++++ EXCERPTED DATA ++++

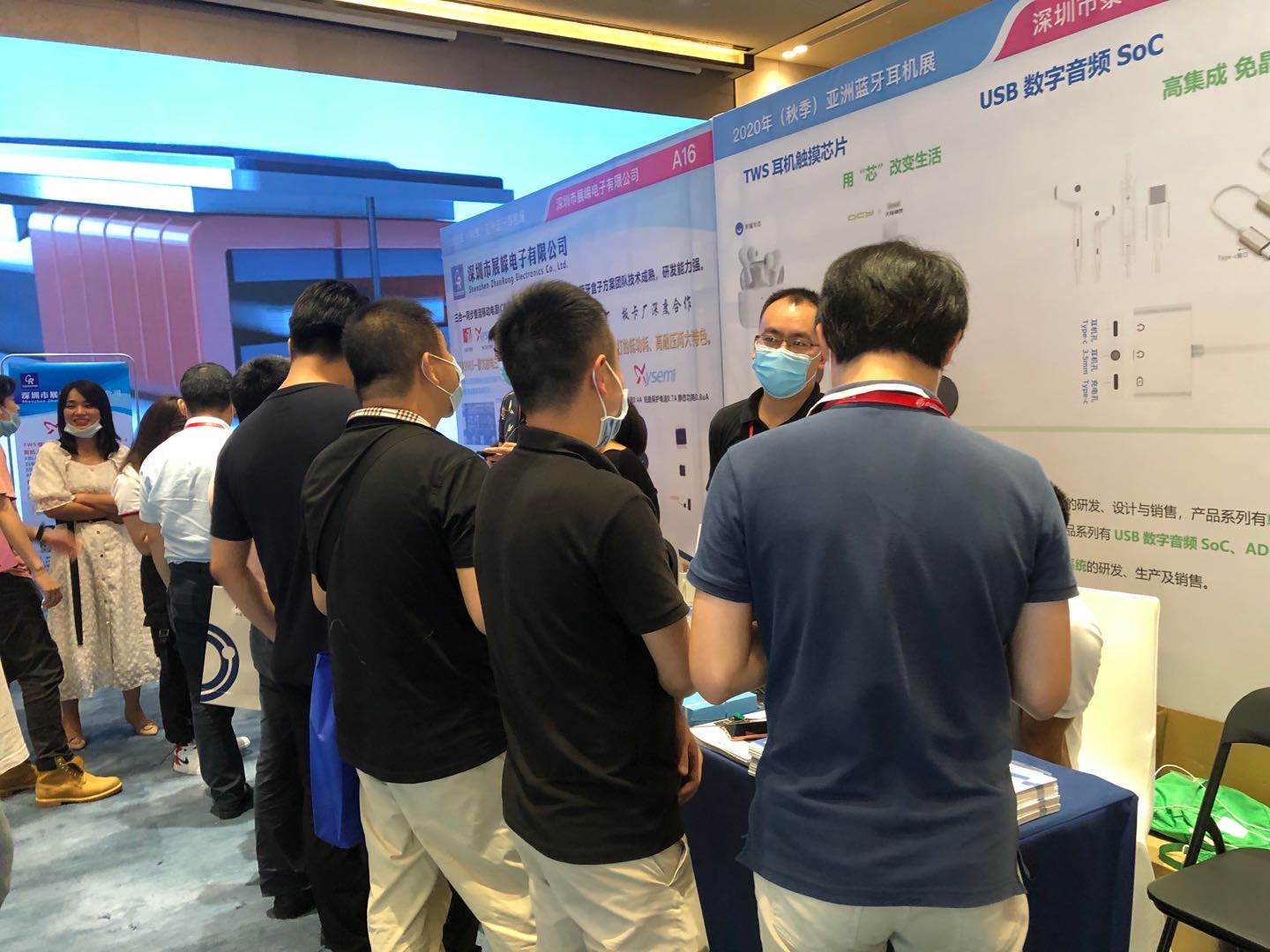 2020年8月20日,公司應邀參加在深圳科興科學園舉辦的,2020年秋季亞洲藍牙耳機展。我們主要展示了TWS耳機觸摸芯片,USB數(shù)字音頻SoC兩大系列產(chǎn)品。我們的觸摸芯片以高可靠性,內部去抖電路,性能穩(wěn)定,低功耗,高靈敏,抗干擾,靈敏度自校準,休眠喚醒響應迅速,輸出應用模式多樣,按鍵輸出復位時間可選;我們的USB數(shù)字音頻SoC系列產(chǎn)品以高性能,高集成度,低功耗,高性價比,性能處于同行業(yè)的領先水平,引起了很多參展者的強烈興趣和廣泛關注。尤其是我們自主設計TWS耳機觸摸芯片,以其超高的性價比,成為本次展會備受矚目的焦點。
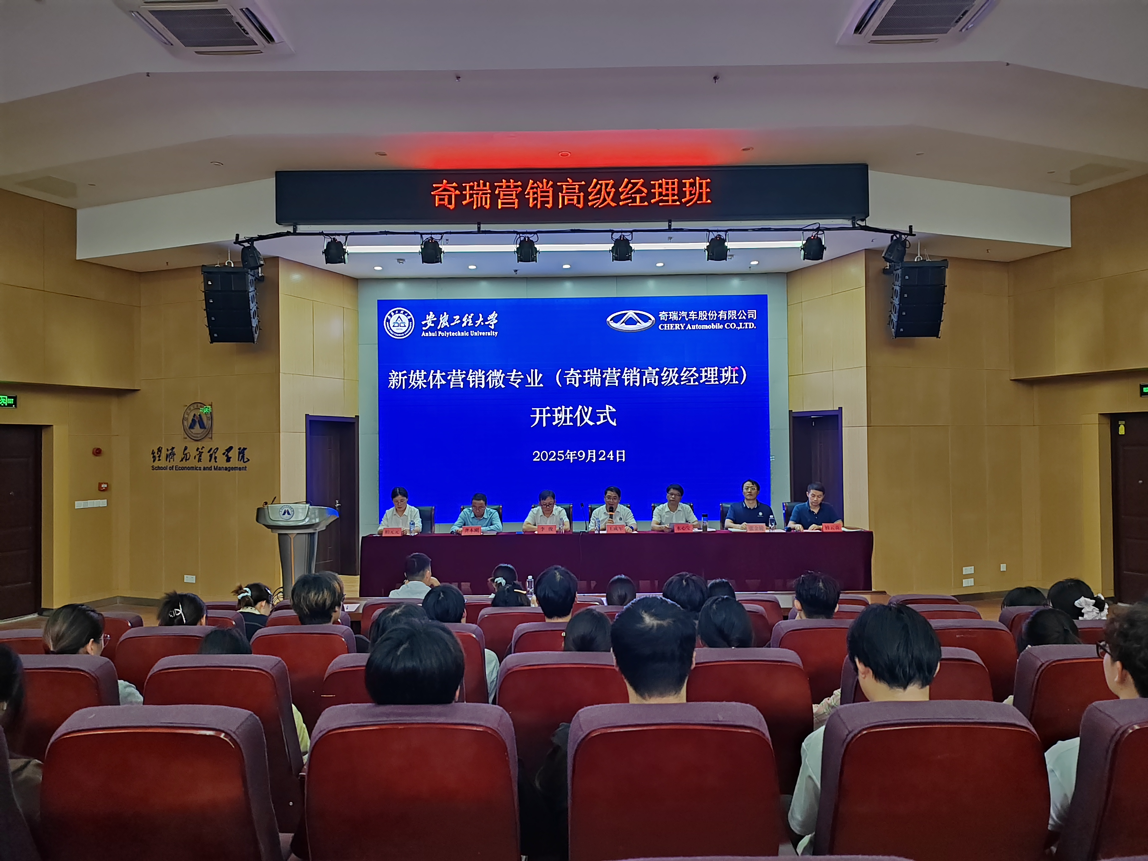 王成军回顾了近年来学校建设发展情况和取得的成效。他指出,新媒体营销微专业是一次校企合作的深度牵手,是推进学校个性化人才培养改革、主动拥抱数字经济浪潮、精准培养复合型人才的有效探索。他要求同学们,保持“空杯心态”、虚心求教,认真汲取企业导师的实战经验,多听、多问、多思考;敢于“主动破局”、大胆创新,扎实掌握营销理论,结合年轻人的视角与创意,为奇瑞的新媒体营销出谋划策,注入新鲜活力;树立“长期主义”、深耕品牌价值,理解品牌背后的价值逻辑,成长为既懂技术又懂用户、既会传播又能创新的复合型人才。
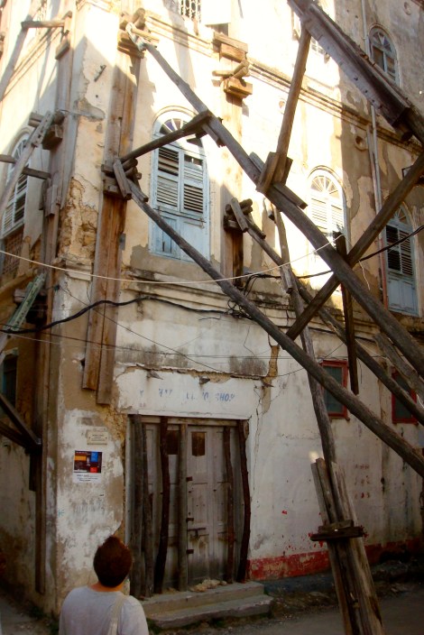 Aside from the use of coral stone, homes in Zanzibar are most well known for the grand wooden doors that mark their entrances. Rounded tops are Indian in style and rectangular tops are Arab-style doors. Most are ornately carved, many with the phrases of the Qur’an and some with brass studs traditionally used to protect against elephant raids in India. In general, the greater the door, the greater the owner’s wealth and dignity. Sadly, many of the oldest buildings are starting to collapse under the weight of their history and are now held up with (rickety) wooden supports.
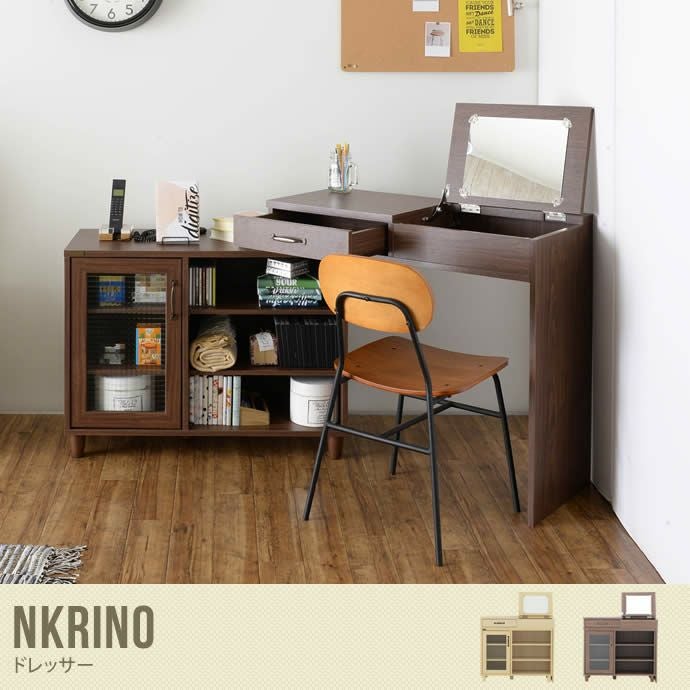 自然の木目と異素材が生み出す上品なデザインは、デスク・ドレッサーにもなる機能付きデスク。ワンルームやコンパクトなお部屋でもレイアウトを自由に変えられる便利アイテムです。たっぷり4ヶ所の収納スペースがあり、雑貨からメイク用品・ボトルまで幅広く収納可能。開閉式のミラーを閉じれば作業用デスクにも。オンオフどちらもこれ一つで過ごせます。
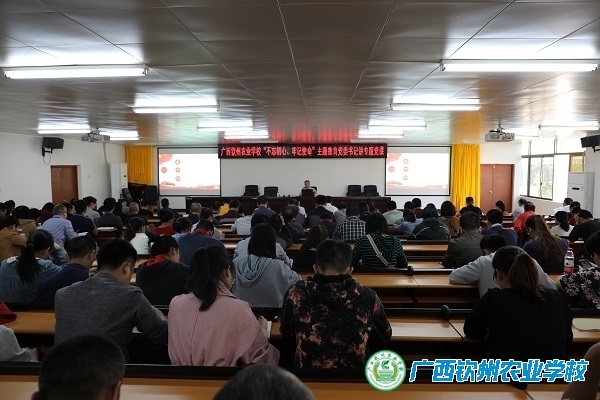 全校共产党员和教职工聆听了党课,钦州市委“不忘初心、牢记使命”主题教育第十二巡回指导组黄永金副组长等到场指导。党员和干部职工通过本次党课,进一步明确了自己的职责担当,表示要不忘教育初心,做“四有好老师”、当“四个引路人”。
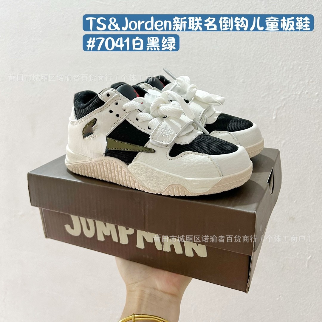 Putian 어린이 신발 순수 오리지널 하이 버전 TS 공동 브랜드 바브 AJ 어린이 로우 탑 운동화 소년 소녀 복고풍 농구 신발
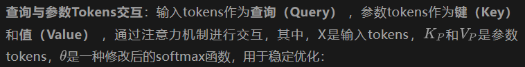 Parameters Tokens: The Q, K and V projection layers of the original transformer model are no longer fixed matrices, but are converted into a set of vectors (tokens), such as:
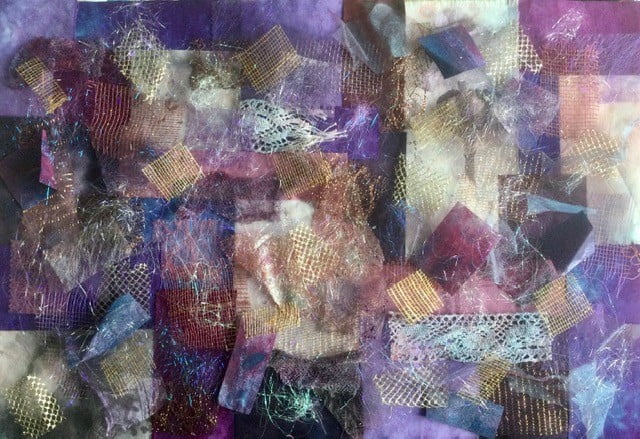 Ik verzamel al mijn stofjes in allerlei paars tinten. Ook de kantjes en gaas komen uit de kast, evenals angelina vezels.
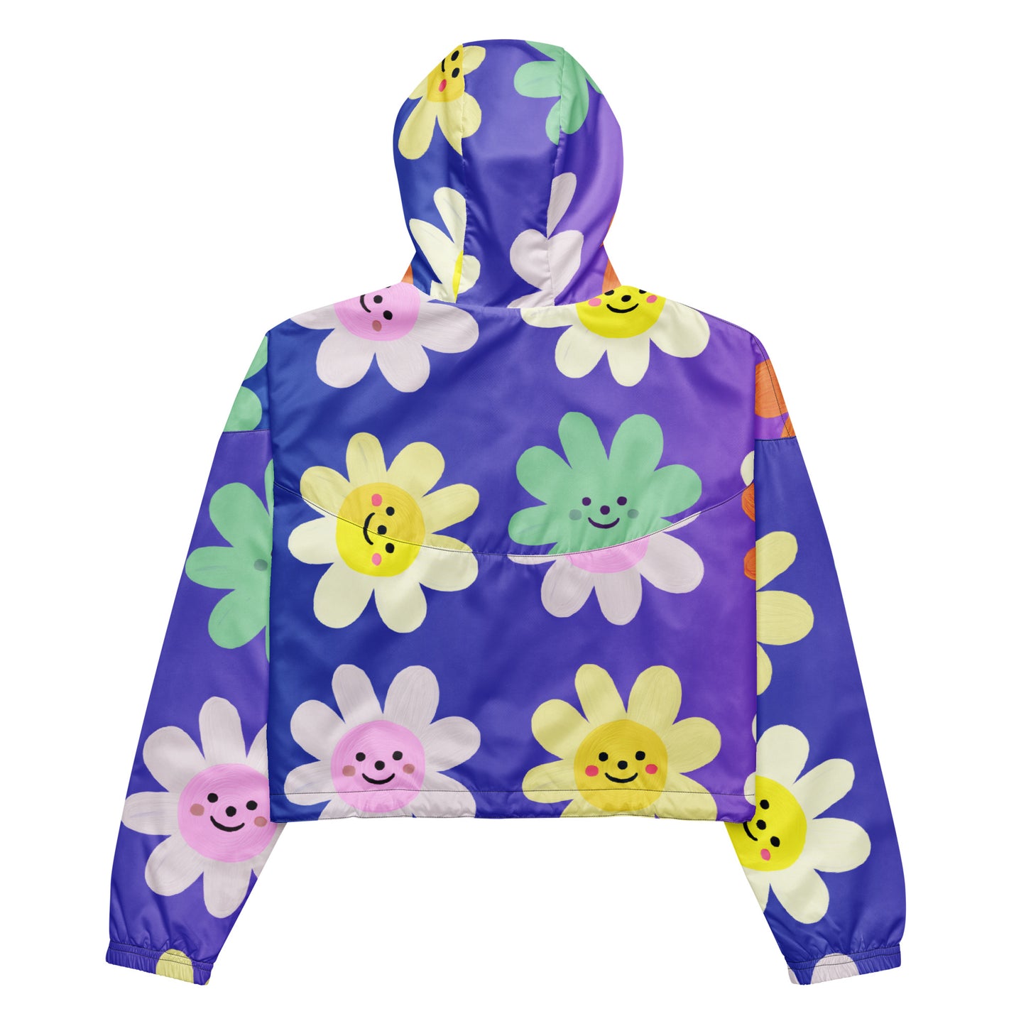 Cute Impasto Daisy flowers, CUTE-SMILY FACE Calmness Designs Women’s cropped windbreaker
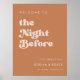 Välkommen till Natten före: repetitionsmiddagsskylt. Ett tema för chic: Anpassa vintage- och snyggt-typografi för din bröllop-stationär, med ett färg-tema för brunt socker. Det är enkelt att blanda och matcha med vårt liknande kontorsmaterial som finns i bränd orange, terracotta och persiko-rosa. Anpassadet färg och bakgrunder.
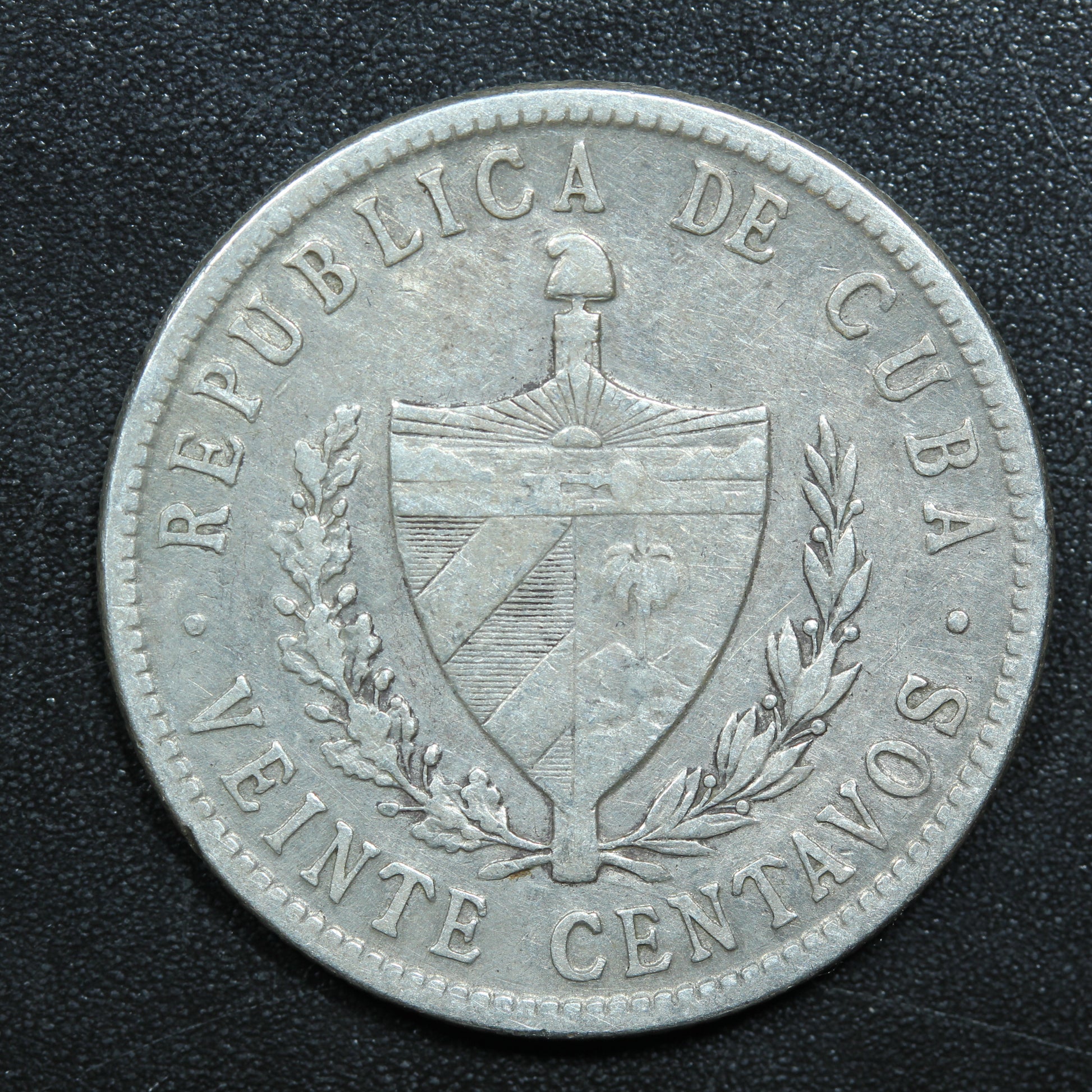 1948 Cuba 20 Veinte Centavos Silver Coin (.900 Fine) KM# 13
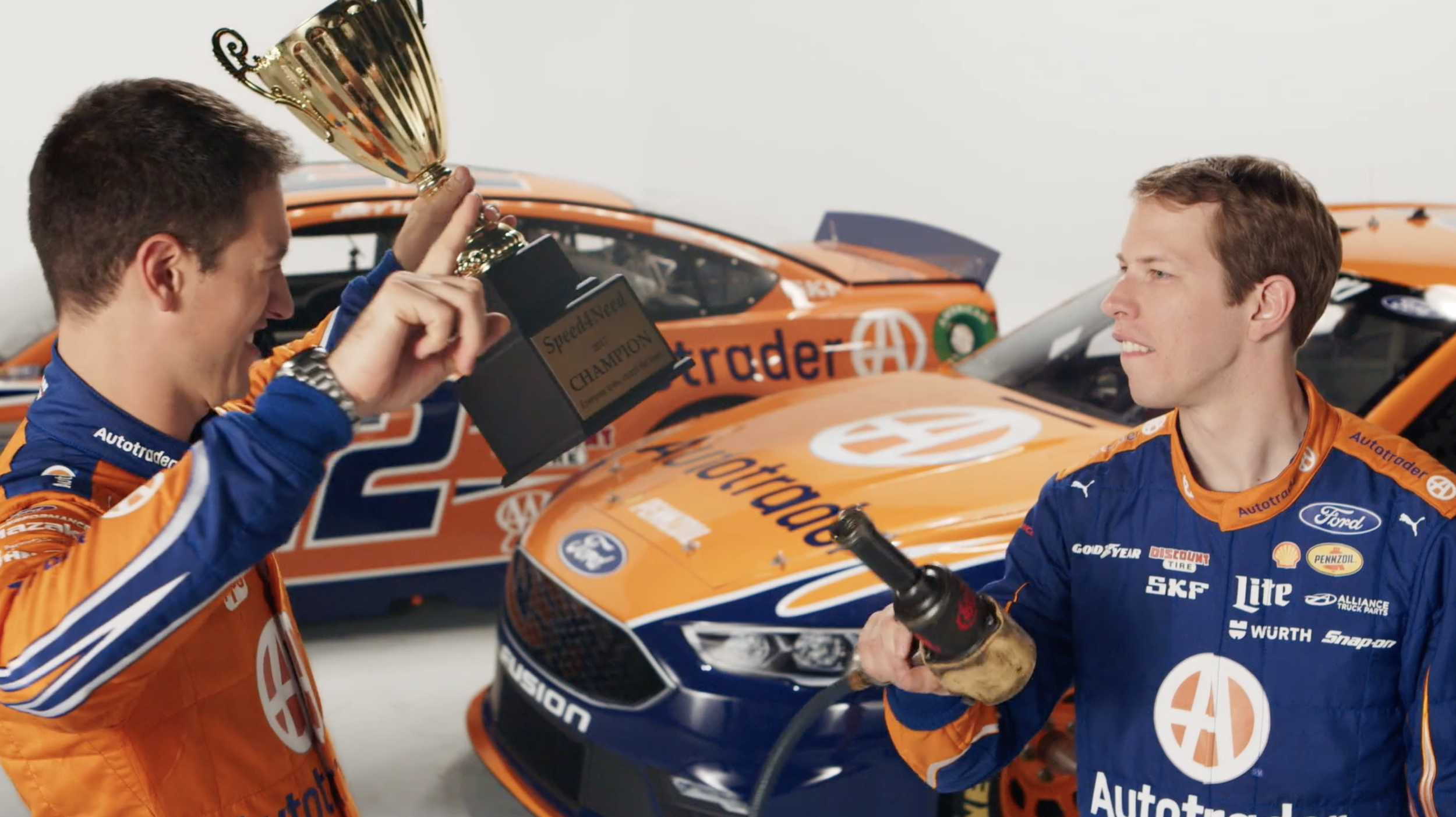 How do you raise money for charity when you’re Autotrader and Nascar? Well, one way is to have professional race drivers Joey Logano and Brad Keselowski face off in the sports equivalent of Mario Party but with champagne, gasoline, and very small plastic hands.

++++

Return every entry above word for word, leaving pictures out.

**WRITTEN RESPONSE**.
 2020年8月20日,公司應邀參加在深圳科興科學園舉辦的,2020年秋季亞洲藍牙耳機展。我們主要展示了TWS耳機觸摸芯片,USB數(shù)字音頻SoC兩大系列產(chǎn)品。我們的觸摸芯片以高可靠性,內部去抖電路,性能穩(wěn)定,低功耗,高靈敏,抗干擾,靈敏度自校準,休眠喚醒響應迅速,輸出應用模式多樣,按鍵輸出復位時間可選;我們的USB數(shù)字音頻SoC系列產(chǎn)品以高性能,高集成度,低功耗,高性價比,性能處于同行業(yè)的領先水平,引起了很多參展者的強烈興趣和廣泛關注。尤其是我們自主設計TWS耳機觸摸芯片,以其超高的性價比,成為本次展會備受矚目的焦點。
 王成军回顾了近年来学校建设发展情况和取得的成效。他指出,新媒体营销微专业是一次校企合作的深度牵手,是推进学校个性化人才培养改革、主动拥抱数字经济浪潮、精准培养复合型人才的有效探索。他要求同学们,保持“空杯心态”、虚心求教,认真汲取企业导师的实战经验,多听、多问、多思考;敢于“主动破局”、大胆创新,扎实掌握营销理论,结合年轻人的视角与创意,为奇瑞的新媒体营销出谋划策,注入新鲜活力;树立“长期主义”、深耕品牌价值,理解品牌背后的价值逻辑,成长为既懂技术又懂用户、既会传播又能创新的复合型人才。
 Aside from the use of coral stone, homes in Zanzibar are most well known for the grand wooden doors that mark their entrances. Rounded tops are Indian in style and rectangular tops are Arab-style doors. Most are ornately carved, many with the phrases of the Qur’an and some with brass studs traditionally used to protect against elephant raids in India. In general, the greater the door, the greater the owner’s wealth and dignity. Sadly, many of the oldest buildings are starting to collapse under the weight of their history and are now held up with (rickety) wooden supports.
 自然の木目と異素材が生み出す上品なデザインは、デスク・ドレッサーにもなる機能付きデスク。ワンルームやコンパクトなお部屋でもレイアウトを自由に変えられる便利アイテムです。たっぷり4ヶ所の収納スペースがあり、雑貨からメイク用品・ボトルまで幅広く収納可能。開閉式のミラーを閉じれば作業用デスクにも。オンオフどちらもこれ一つで過ごせます。
 全校共产党员和教职工聆听了党课,钦州市委“不忘初心、牢记使命”主题教育第十二巡回指导组黄永金副组长等到场指导。党员和干部职工通过本次党课,进一步明确了自己的职责担当,表示要不忘教育初心,做“四有好老师”、当“四个引路人”。
 Putian 어린이 신발 순수 오리지널 하이 버전 TS 공동 브랜드 바브 AJ 어린이 로우 탑 운동화 소년 소녀 복고풍 농구 신발
 Parameters Tokens: The Q, K and V projection layers of the original transformer model are no longer fixed matrices, but are converted into a set of vectors (tokens), such as:
 Ik verzamel al mijn stofjes in allerlei paars tinten. Ook de kantjes en gaas komen uit de kast, evenals angelina vezels.
 Cute Impasto Daisy flowers, CUTE-SMILY FACE Calmness Designs Women’s cropped windbreaker
 Välkommen till Natten före: repetitionsmiddagsskylt. Ett tema för chic: Anpassa vintage- och snyggt-typografi för din bröllop-stationär, med ett färg-tema för brunt socker. Det är enkelt att blanda och matcha med vårt liknande kontorsmaterial som finns i bränd orange, terracotta och persiko-rosa. Anpassadet färg och bakgrunder.
 1948 Cuba 20 Veinte Centavos Silver Coin (.900 Fine) KM# 13
 How do you raise money for charity when you’re Autotrader and Nascar? Well, one way is to have professional race drivers Joey Logano and Brad Keselowski face off in the sports equivalent of Mario Party but with champagne, gasoline, and very small plastic hands.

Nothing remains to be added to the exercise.